Machine-learning algorithms, especially classifiers, are becoming prevalent in safety and security-critical applications. The susceptibility of some types of classifiers to being evaded by adversarial input data has been explored in domains such as
spam filtering, but with the rapid growth in adoption of machine learning in multiple application domains amplifies the extent and severity of this vulnerability landscape. We propose to (1) develop predictive metrics that characterize the degree to which a
neural-network-based image classifier used in domains such as face recognition (say, for surveillance and authentication) can be evaded through attacks that are both practically realizable and inconspicuous, and (2) develop methods that make these classifiers, and the applications that incorporate them, robust to such interference. We will examine how to manipulate images to fool classifiers in various ways, and how to do so in a way that escapes the suspicion of even human onlookers. Armed with this
understanding of the weaknesses of popular classifiers and their modes of use, we will develop explanations of model behavior to help identify the presence of a likely attack; and generalize these explanations to harden models against future attacks.
Lujo Bauer is an Associate Professor in the Electrical and Computer Engineering Department and in the Institute for Software Research at Carnegie Mellon University. He received his B.S. in Computer Science from Yale University in 1997 and his Ph.D., also in Computer Science, from Princeton University in 2003.
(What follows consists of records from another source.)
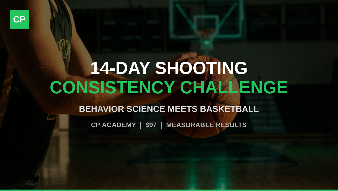 This is home to the 14-Day Shooting Consistency Challenge -- a program that uses Applied Behavior Analysis (ABA) to build a shot you can trust under pressure. Not just in an empty gym.
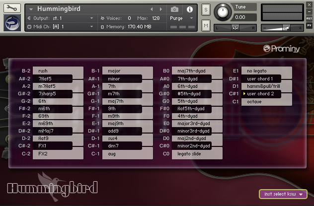 The extensive number of the ‘real’ chord samples makes your guitar tracks very convincing. (octave, major, minor, 7th, m7, maj7, add9, sus4, 9th, m7(9), maj7(9), dim7, aug, open / low chords, etc.) Hummingbird includes the huge number of ‘real’ recorded (in other words, ‘pre-recorded’ or ‘pre-played’) chord samples. You can instantly access the various types of guitar chords. Prominy’s guitar libraries are the only ones that include such a huge number of the real chord samples.
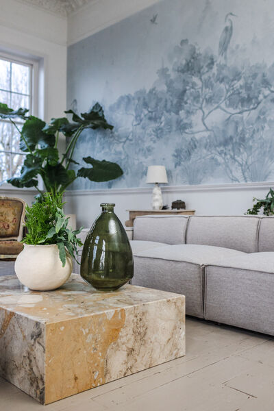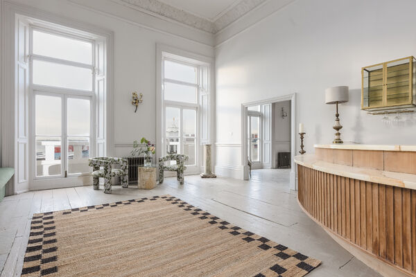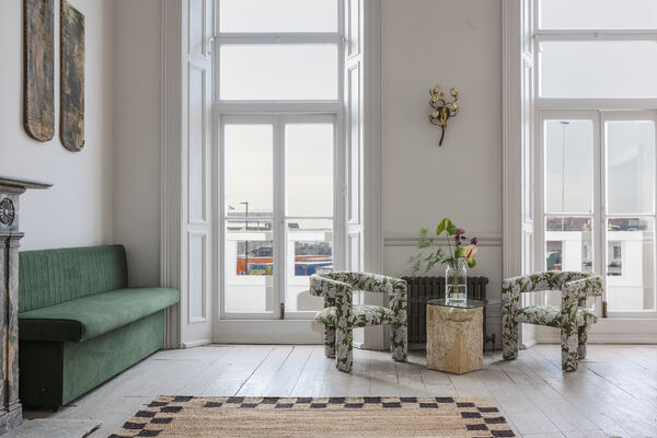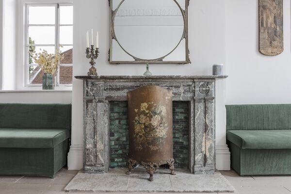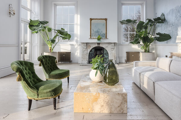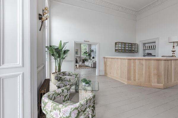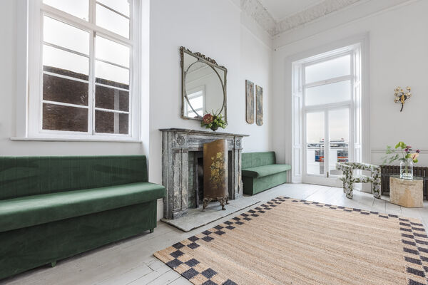 airy and fantastically light, Graces has three huge floor to ceiling windows, a beautiful muted Heron mural adorns one wall and giant Alocasia plants flank an original open fireplace.
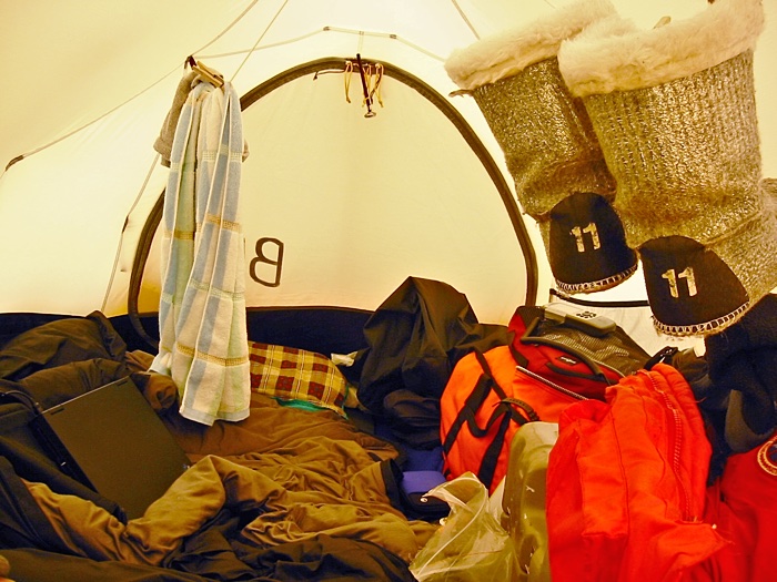 First you needed a place to sleep and get out of the cold. We had small mountain tents for one person, larger Scott tents that would fit two people, and a couple of Weatherall tents, one for the main camp tent (where we all gathered to eat, drink, and be warm), and the other for a science equipment tent.
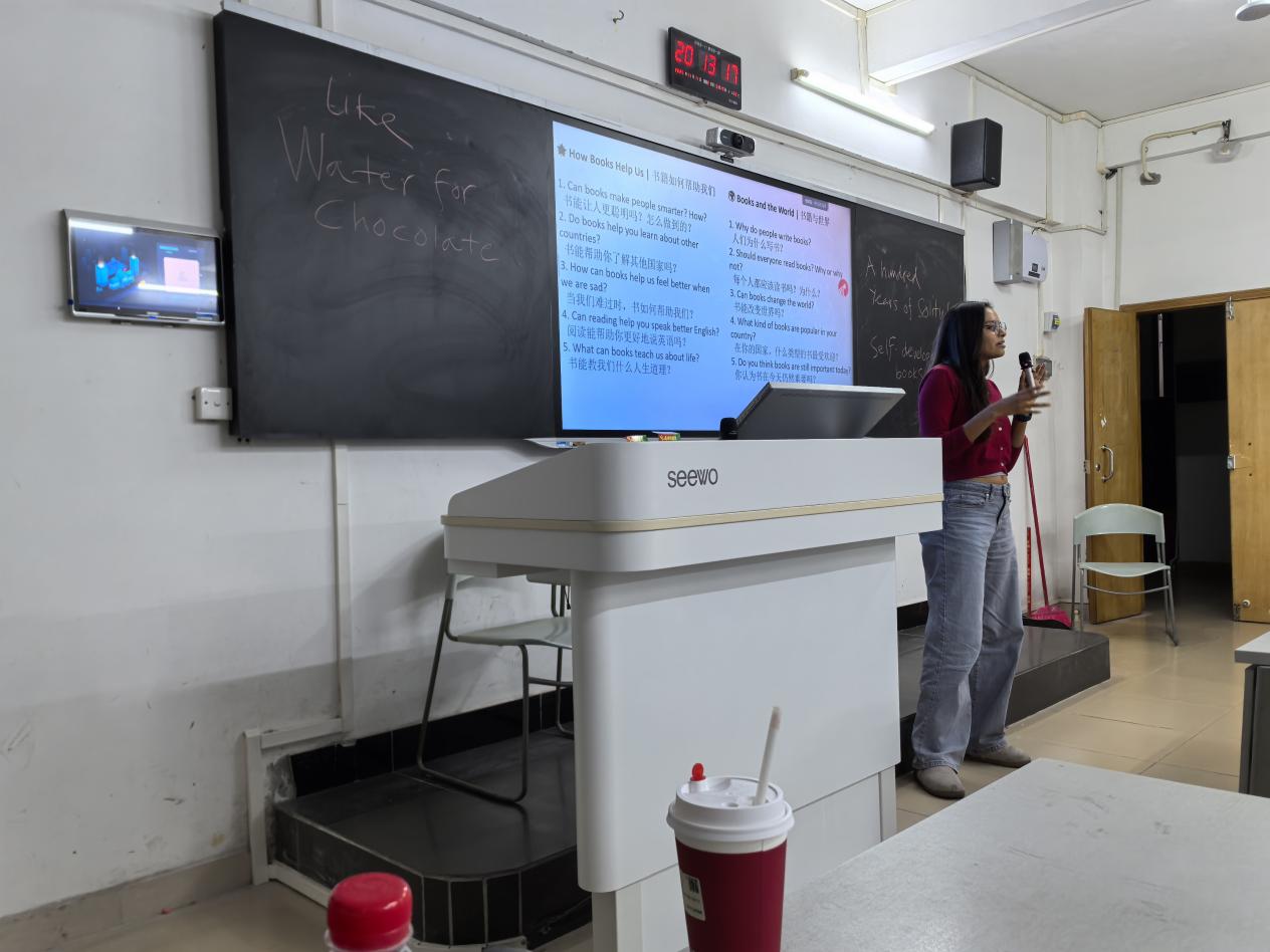 活动伊始,外教老师以泰勒·斯威夫特的歌曲《Ophelia》为引,生动介绍了莎士比亚经典剧作《哈姆雷特》中奥菲利娅这一经典文学形象,引发了同学们对文学作品的浓厚兴趣。在随后的讨论环节,同学们围绕"个人阅读体验"、"书籍如何帮助我们"以及"书籍与世界"三大主题展开深入交流。大家积极分享自己最喜爱的书籍,探讨阅读对英语学习的帮助,畅谈书籍对个人成长的影响,现场气氛温馨而热烈。

Dr. Bauer's research interests span many areas of computer security and privacy, and include building usable access-control systems with sound theoretical underpinnings, developing languages and systems for run-time enforcement of security policies on programs, and generally narrowing the gap between a formal model and a practical, usable system. His recent work focuses on developing tools and guidance to help users stay safer online and in examining how advances in machine learning can lead to a more secure future.
Dr. Bauer served as the program chair for the flagship computer security conferences of the IEEE (S&P 2015) and the Internet Society (NDSS 2014) and is an associate editor of ACM Transactions on Information and System Security.